Environmental estrogen bisphenol AF enhanced proliferation and invasion of neuroblastoma SH-SY5Y cell line in vitro

Objective To declare the activity of environmental estrogen bisphenol AF (BPAF) in neuroblastoma proliferation or invasion and the effect of BPAF on the transcriptional activity of estrogen receptor α(ERα). Methods SH-SY5Y cells, which were transfected with ERE-Luc or CatD-Luc, were treated with indicated dose (0.01μmol/L, 0.03μmol/L, 0.1μmol/L, 0.3μmol/L, 1μmol/L, 3μmol/ L and 10μmol/L) of BPAF. Next, cells were harvested and analyzed by luciferase assays. Then, SH-SY-5Y cells were seeded in 96-well plates and were treated by EC_maxof BPAF. The growth curves for each cell group were drawn according to the volume of O.D. 450 nm.
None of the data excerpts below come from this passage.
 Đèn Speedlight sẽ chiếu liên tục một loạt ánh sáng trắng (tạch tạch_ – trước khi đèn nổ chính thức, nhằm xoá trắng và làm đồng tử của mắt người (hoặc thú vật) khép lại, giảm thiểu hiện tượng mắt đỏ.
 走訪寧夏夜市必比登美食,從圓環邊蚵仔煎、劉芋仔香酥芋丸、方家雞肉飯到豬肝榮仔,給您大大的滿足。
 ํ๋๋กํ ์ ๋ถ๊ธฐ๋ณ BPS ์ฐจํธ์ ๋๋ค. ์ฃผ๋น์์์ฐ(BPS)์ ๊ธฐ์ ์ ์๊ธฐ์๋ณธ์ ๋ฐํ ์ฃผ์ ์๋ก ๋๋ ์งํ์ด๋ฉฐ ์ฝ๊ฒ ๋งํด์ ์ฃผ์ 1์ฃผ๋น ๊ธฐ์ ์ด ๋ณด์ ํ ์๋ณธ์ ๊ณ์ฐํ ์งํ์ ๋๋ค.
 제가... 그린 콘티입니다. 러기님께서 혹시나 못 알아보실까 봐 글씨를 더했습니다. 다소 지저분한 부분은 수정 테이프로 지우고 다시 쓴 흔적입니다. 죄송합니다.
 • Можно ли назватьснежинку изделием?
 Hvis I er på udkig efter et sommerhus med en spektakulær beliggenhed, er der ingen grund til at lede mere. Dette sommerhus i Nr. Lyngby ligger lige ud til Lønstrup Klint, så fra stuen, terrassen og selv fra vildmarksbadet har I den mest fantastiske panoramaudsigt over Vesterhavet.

The siRNA (small interfere RNA) of ERα or its antagonist (ICI-182780) was used to declare the specificity of BPAF function, and ERα expression vector was transfected by MDA-MB-231 cells in triple negative breast cancer (TNBC). SH-SY5Y cells were treated with EC_maxof BPAF after transfection with ERα siRNA or treatment with ICI-182780 (100 nmol/L). Then, the induction of BPAF to ERα transcriptional activity and its promoted effect on proliferation and invasion of SH-SY5Y cells was detected. Results Treatment of BPAF induced the transcriptional activity of ERα in a dose dependent manner EC₅₀=(0.44±0.09)μmol/L, R²=0.94, P=0.007 6, and the EC_maxvalue of BPAF on ERα activity was 3μmol/L. Transfection of ERα siRNA could disrupt the activity of ERα induced by BPAF (3μmol/L) significantly (inhibition rate, IR=76.97%), SH-SY5Y proliferation (IR=77.42%) and invasion (IR=95.87%). Treatment of 100 nmol/L ICI-182780 also inhibited ERα activity (IR=77.75%), SH-SY5Y proliferation (IR=86.76%) and invasion (IR=105.56%). Conclusion BPAF will promote the proliferation or invasion of neuroblastoma cells by inducing the transcription factor activity of ERα.